Guntheria coorongensis

Scientific classification
- Domain: Eukaryota
- Kingdom: Animalia
- Phylum: Arthropoda
- Subphylum: Chelicerata
- Class: Arachnida
- Order: Trombidiformes
- Family: Trombiculidae
- Genus: Guntheria
- Species: G. coorongensis
- Binomial name: Guntheria coorongensis (Hirst, 1929)
- Synonyms: Schongastia coorongense Neoschongastia coorongense Schongastia ( Ascoschongastia) coorongense Guntheria ( Derrickiella) coorongensis

= Guntheria coorongensis =

- Authority: (Hirst, 1929)
- Synonyms: Schongastia coorongense , Neoschongastia coorongense, Schongastia ( Ascoschongastia) coorongense, Guntheria ( Derrickiella) coorongensis

Species of mite

Guntheria coorongensis is a species of mite in the family Trombiculidae, found from the tip of Cape York in Queensland to South Australia.

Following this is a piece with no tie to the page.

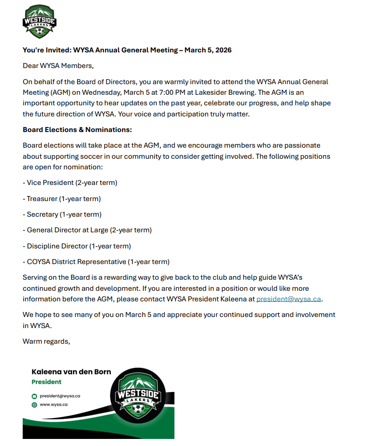 BRIEF HISTORY The WYSA Skill Centre was introduced in 2024 by previous club staff. This program was meant to create a higher level training program that fed into team placements for coysa league play. However, upon reviewing the program and its goals in early 2025, Matt (WYSA ED) and Jason (WYSA TD) determined that the program was too focused on creating teams, with a limited number of players benefiting overall, and didn’t accomplish the club’s goal of total player development. Quite frankly, it was excluding players and narrowing a “team” focus too much. Canada Soccer has a comprehensive Skill Centre structure and a mandate that clubs should follow, and one of the clear guiding principles is that “the underlying aim of Skill Centres is to provide the best environment possible to as many young players as possible for as long as possible.” (from the CSA’s document on Skill Centres across Canada) One of the struggles the club has had over many years was that many players drop out by 14 or 15 years of age, and without a larger base of players that have been developed and included, the club ends up not being able to field teams in the U15 or U16 age groups. This happened again last summer when we had to fold a planned U16 boys team and were required to combine a U14 and U15 girls team due to a lack of numbers overall in those age groups. We strongly felt that without addressing some of these structural issues with the next crop of 7 to 13 year olds in the Skill Centre, and to find a way to increase participation in those key age groups, we were destined to repeat those same issues year over year. WYSA decided the best course of action was that for the fall and winter (2025-26) program there would be no teams created until more players had an opportunity to join and train in an enhanced Skill Centre program. The philosophy was to encourage more players to experience better training over a 6+ month period. We made the adjustment to fully run the fall and winter program with staff coaches so that the training environment could be a monitored environment for all players. Our plan was to put development/select teams together again in the U7-U13 age groups by late winter (Feb/March), and we are on track to do this with the inclusion now of appointed coaches in the Skill Centre age groups. WHERE WE ARE AT We did accomplish the goal of getting more players into a regular training environment. In fact, we saw an increase in the Skill Centre registration in September by 30%. Some groups were bursting at the seems with double the number of players that joined, and some groups added a few more players to supplement the numbers and give more players these developmental opportunities. Yes we had some growing pains with larger groups, but we are now heading into 2026 with a head of steam to put together good development teams for spring play, with coaches that will be supported by our TD and staff coaches. TEAM FORMATION Now that the coaches are being put in place for each U10-U13 development team, those coaches will work with Jason to confirm the players selected for the development teams. Those players will be notified by February 20, and players not selected to a development team will be offered a spot on a recreational team for the spring season. For players NOT currently in the Skill Centre that wish to play on a development team in the spring, they should reach out to Jason ( td@wysa.ca ). Those players will be invited for 2 training sessions before February 20 to be considered for a spot on a spring Development team. For players in the U7-U9 age group, coysa and BC Soccer require clubs to balance those teams and they aren’t considered “select” teams. Jason will work with each of those age groups in lining up coaches and building teams before the end of this current development block. In the spring, U7-U13 Skill Centre teams will practice twice per week with a coysa or toysl game on weekends, whereas there will also be a recreational level at U7-U13 for players looking for less commitment than the Skill Centre program. WYSA will be entering U7-U9 teams in coysa’s regular balanced league, U10-U11 in coysa’s development league, and U12-U13 in the toysl league.

The genus was first described as Schoengastia coorongense by Hirst in 1929. The species epithet indicates that it comes from the Coorong.

The larva of these mites ('chiggers') when feeding embed themselves in host animals, and for human hosts, the resulting skin irritation has been known as 'tea-tree itch' or 'duck-shooters itch'. Host animals recorded include native rats and marsupials: (from Queensland): Antechinus stuartii, other Antechinus species, Rattus lutreolus lutreolus, R. sordidus sordidus, R. leucopus leucopus; (from Victoria), A. swainsonii and A. minimus; (from South Australia): R.fuscipes greyii. This mite has also been listed as a parasite of the Northern Quoll in the Northern Territory.